### Aim of the exercise
Could you return every record below exactly as it stands, leaving out the pictures?

### Exercise inputs
------------
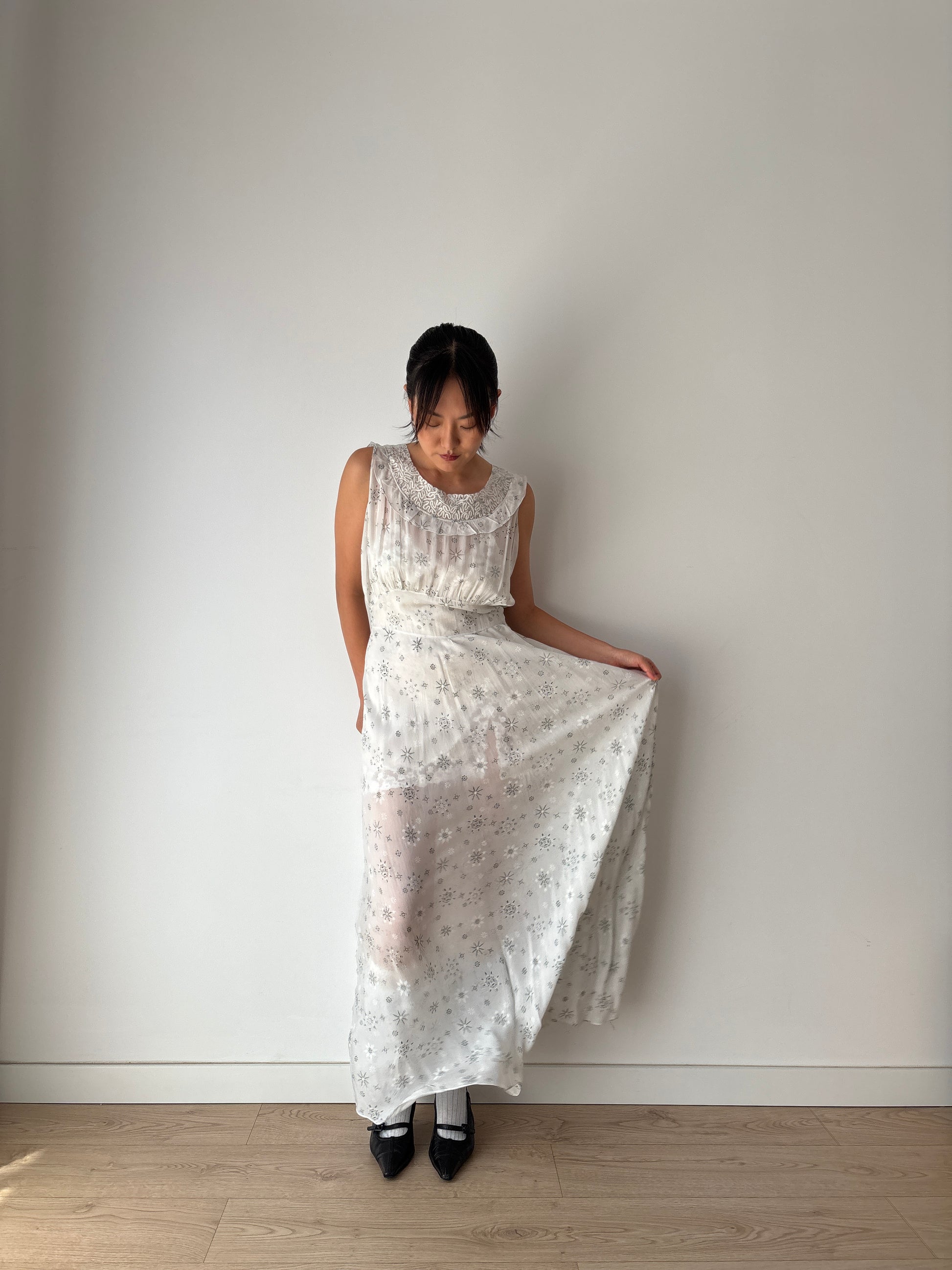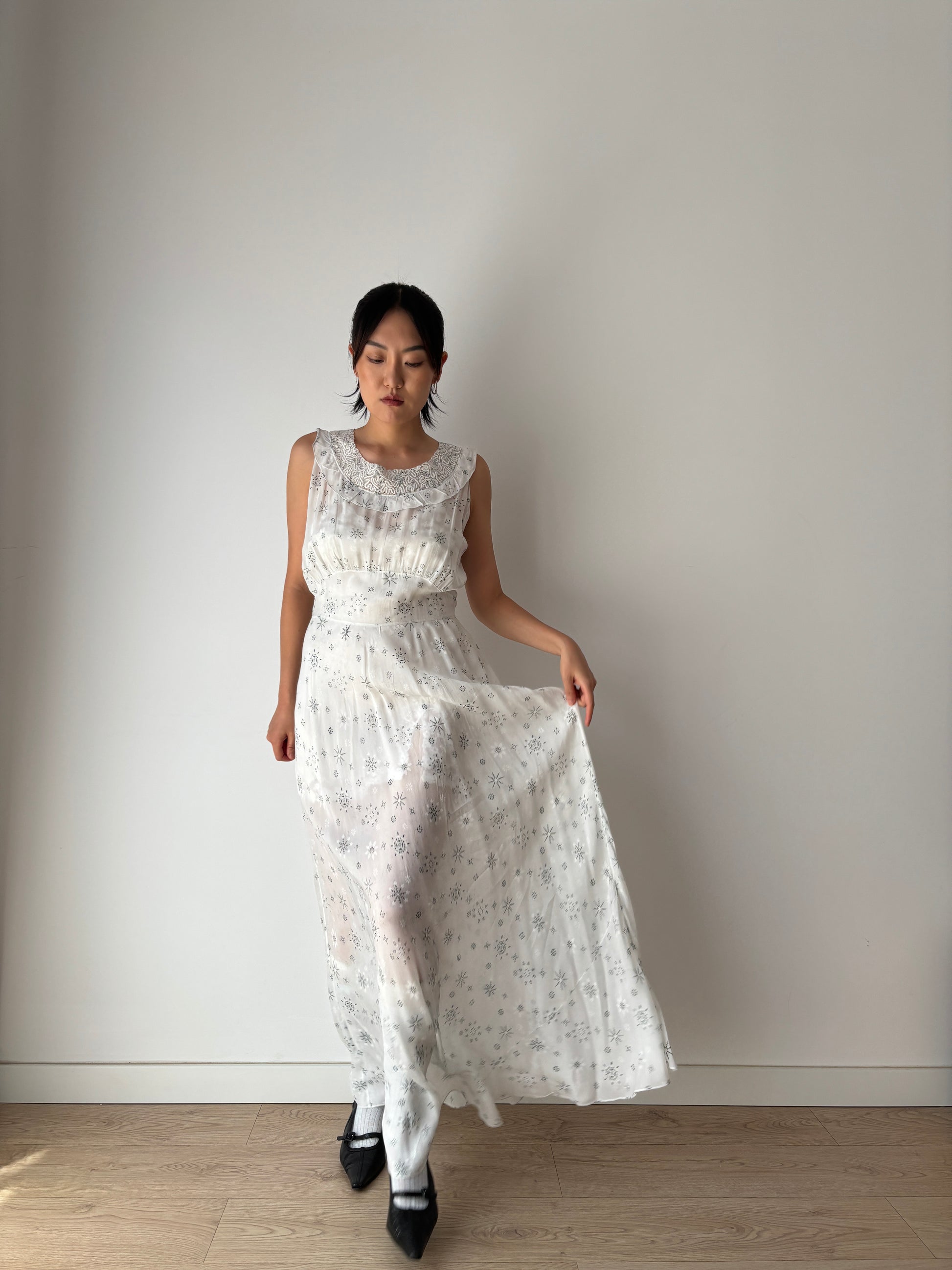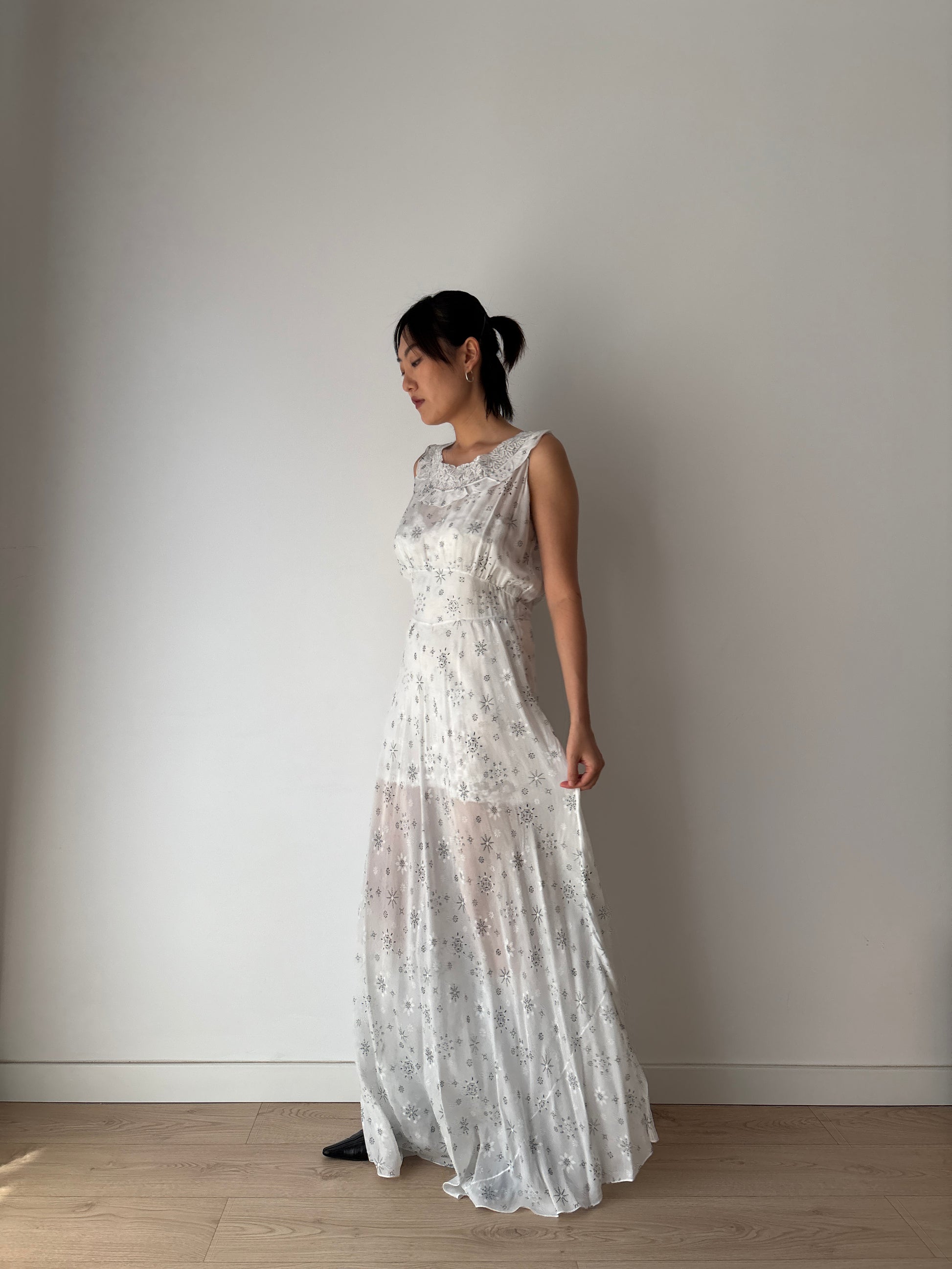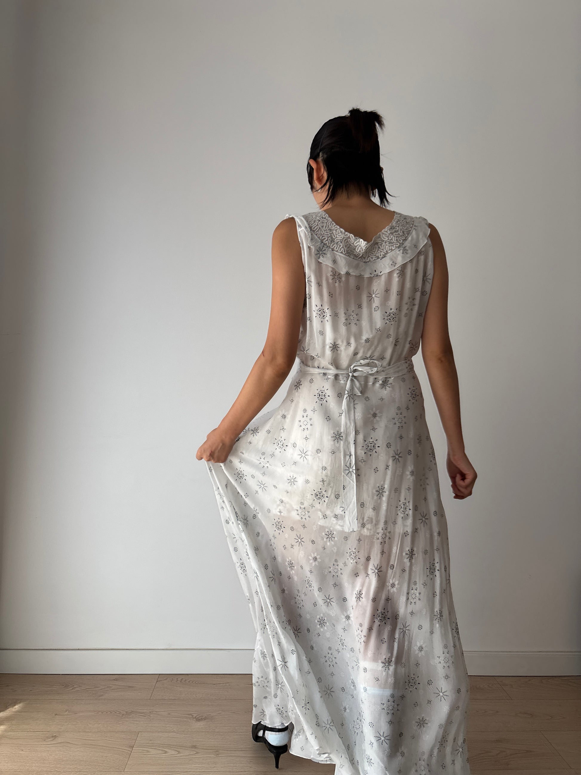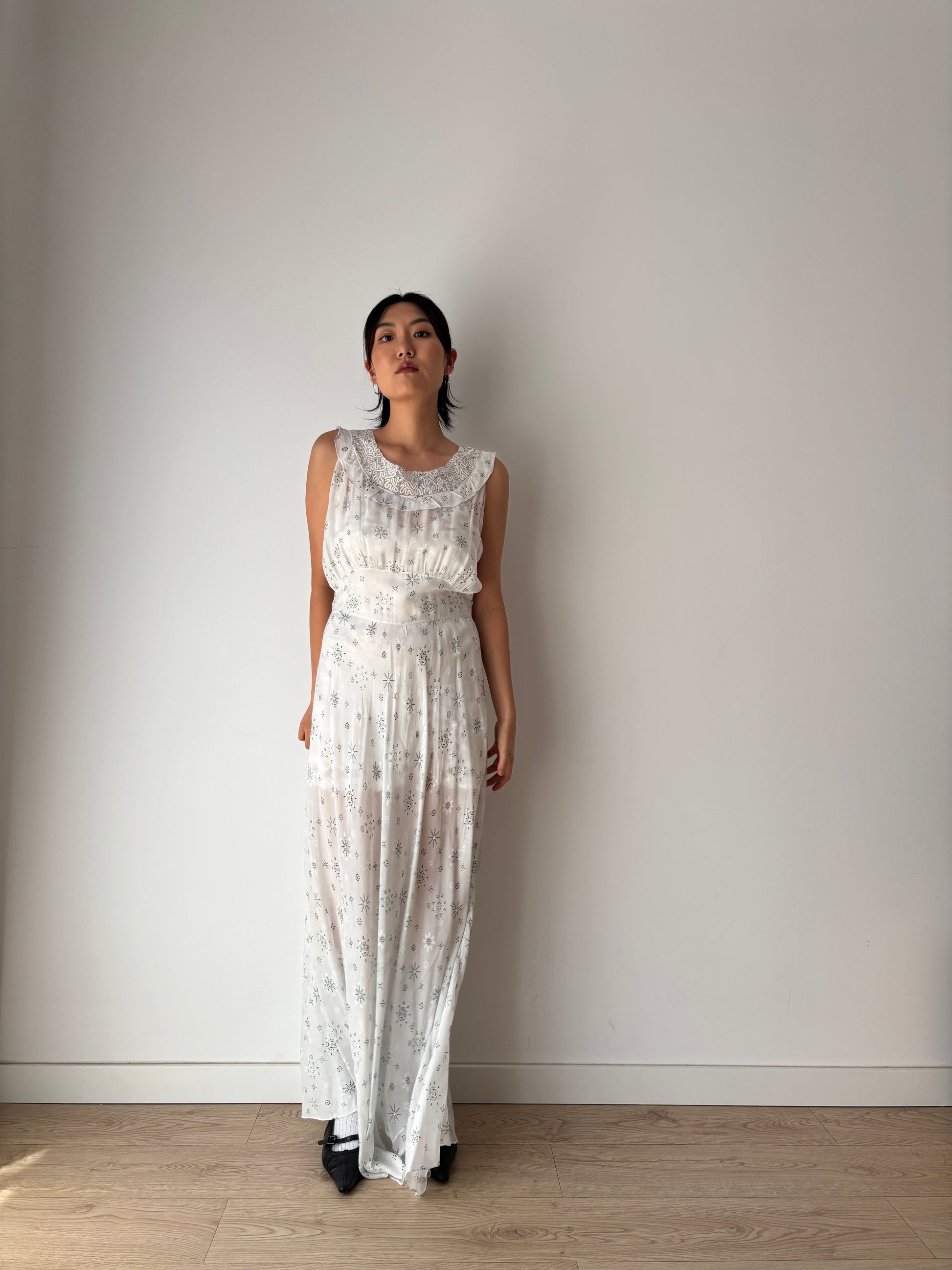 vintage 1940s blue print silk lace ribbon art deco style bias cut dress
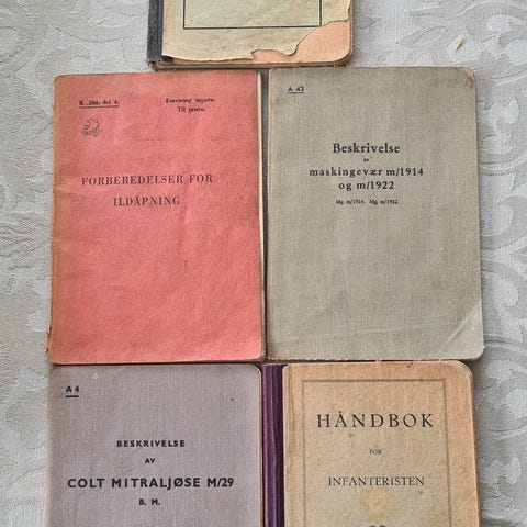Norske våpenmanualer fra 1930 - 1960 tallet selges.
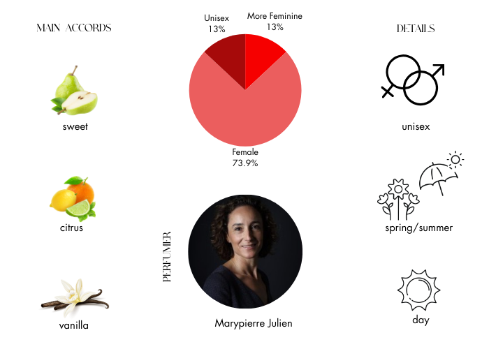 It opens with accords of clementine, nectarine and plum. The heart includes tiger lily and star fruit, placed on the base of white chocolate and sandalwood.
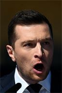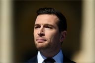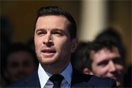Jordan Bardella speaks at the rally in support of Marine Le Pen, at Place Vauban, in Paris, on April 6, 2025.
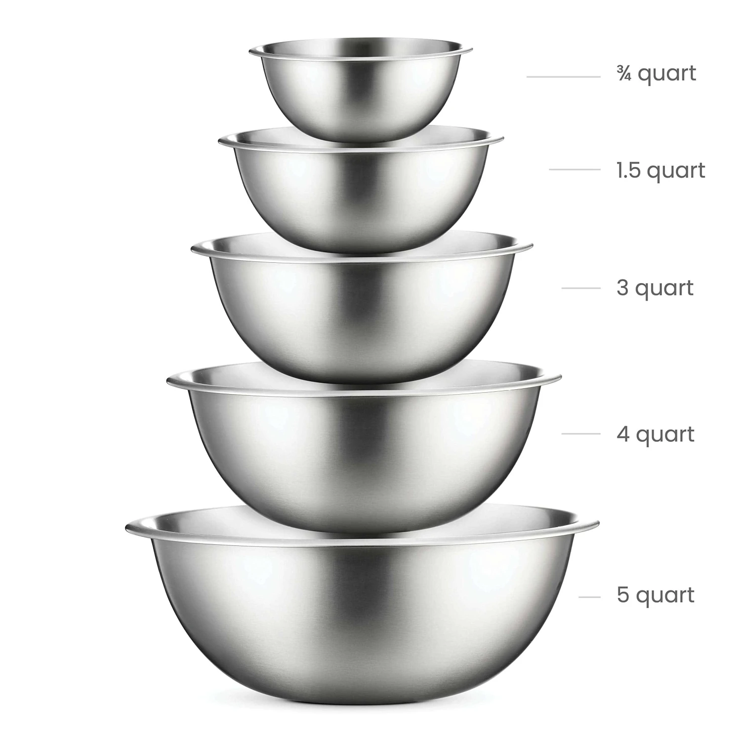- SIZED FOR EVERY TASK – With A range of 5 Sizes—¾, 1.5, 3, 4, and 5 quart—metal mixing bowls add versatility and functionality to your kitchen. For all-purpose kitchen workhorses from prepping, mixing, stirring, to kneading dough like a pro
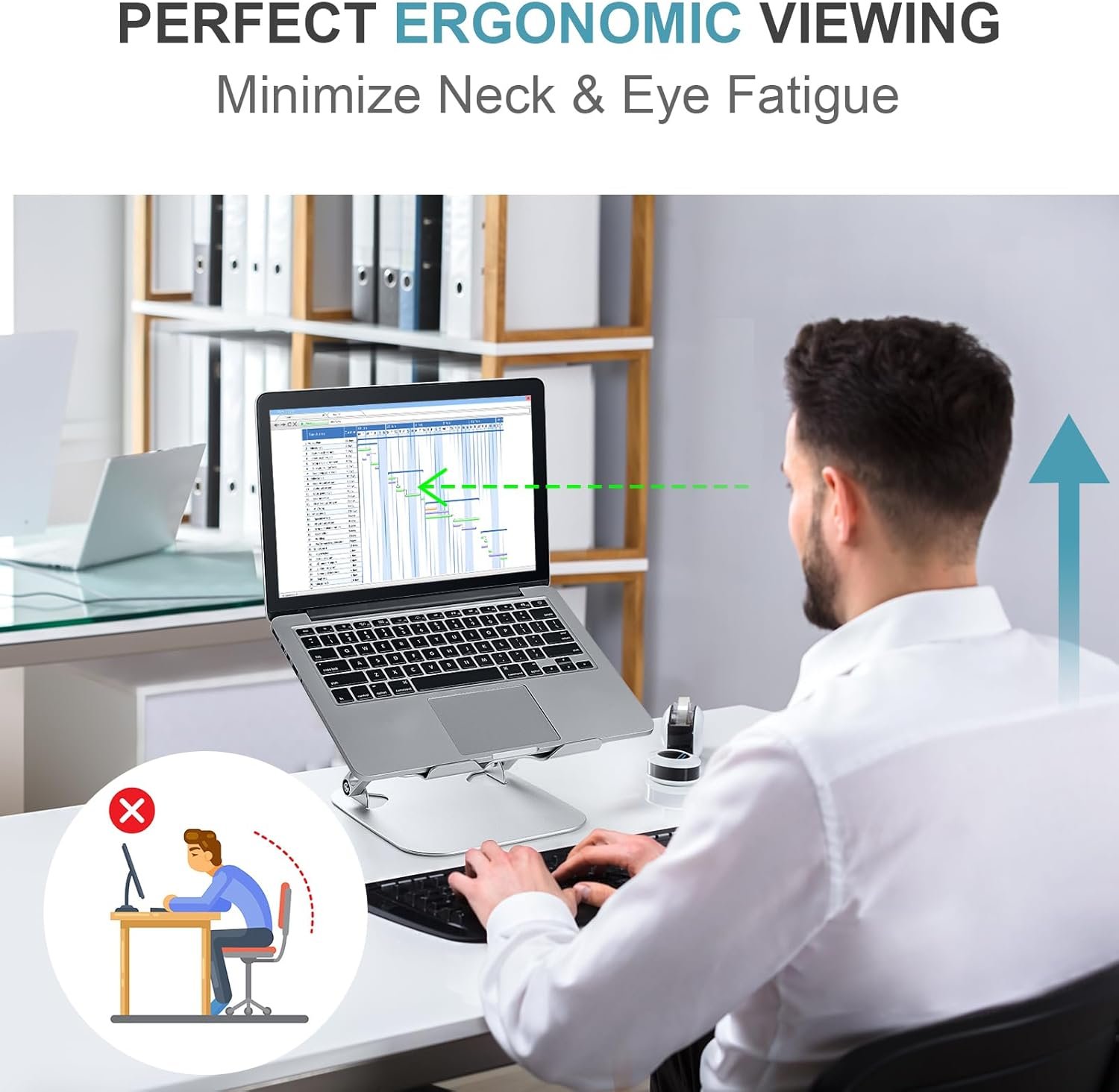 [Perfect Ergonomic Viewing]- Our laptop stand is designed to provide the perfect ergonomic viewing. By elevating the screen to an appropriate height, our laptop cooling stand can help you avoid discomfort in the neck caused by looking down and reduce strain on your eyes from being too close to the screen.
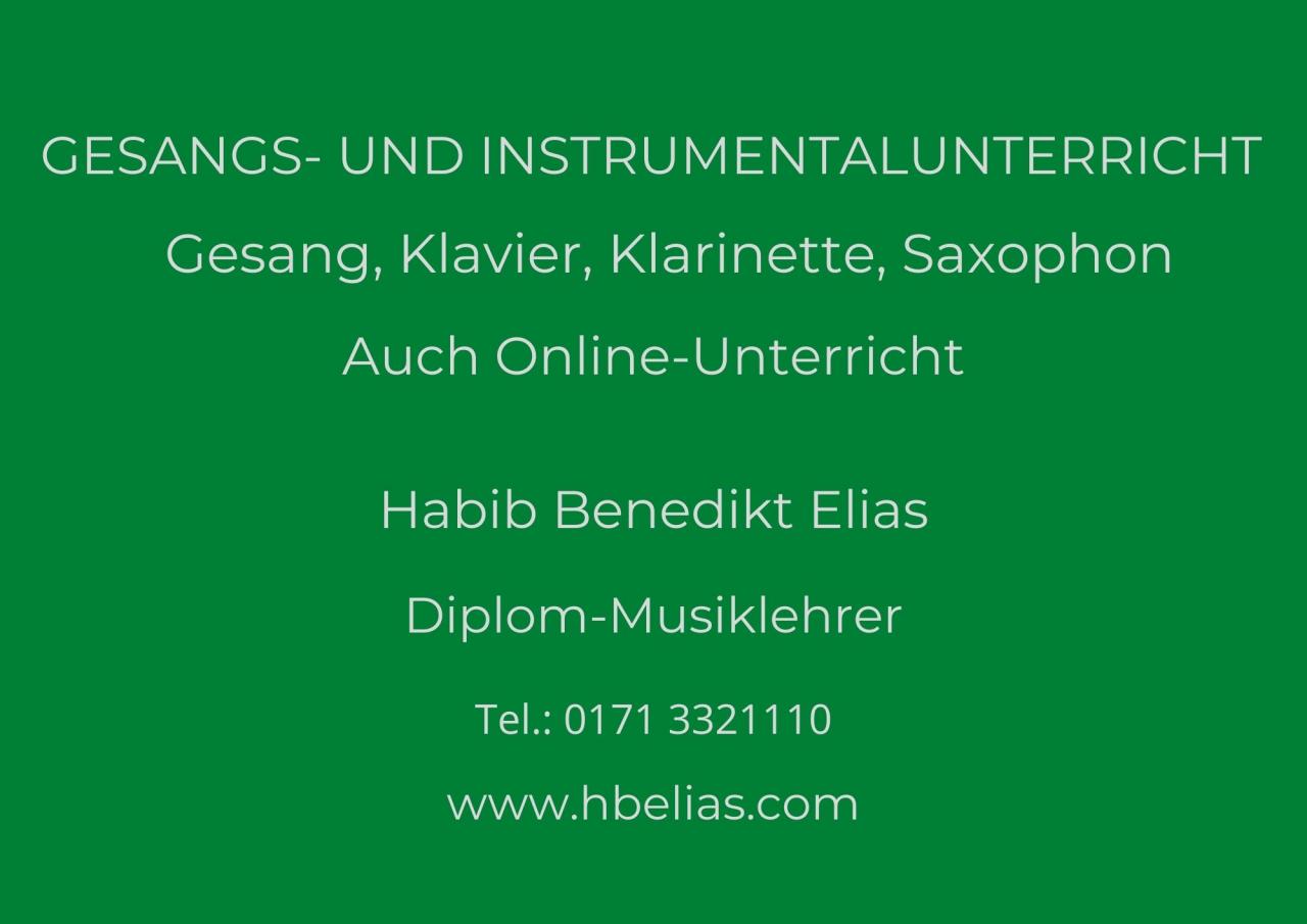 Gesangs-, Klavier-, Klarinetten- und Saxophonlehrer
------------
### Solution to this task
 vintage 1940s blue print silk lace ribbon art deco style bias cut dress
Norske våpenmanualer fra 1930 - 1960 tallet selges.
 It opens with accords of clementine, nectarine and plum. The heart includes tiger lily and star fruit, placed on the base of white chocolate and sandalwood.
Jordan Bardella speaks at the rally in support of Marine Le Pen, at Place Vauban, in Paris, on April 6, 2025.
- SIZED FOR EVERY TASK – With A range of 5 Sizes—¾, 1.5, 3, 4, and 5 quart—metal mixing bowls add versatility and functionality to your kitchen. For all-purpose kitchen workhorses from prepping, mixing, stirring, to kneading dough like a pro
 [Perfect Ergonomic Viewing]- Our laptop stand is designed to provide the perfect ergonomic viewing. By elevating the screen to an appropriate height, our laptop cooling stand can help you avoid discomfort in the neck caused by looking down and reduce strain on your eyes from being too close to the screen.
 Gesangs-, Klavier-, Klarinetten- und Saxophonlehrer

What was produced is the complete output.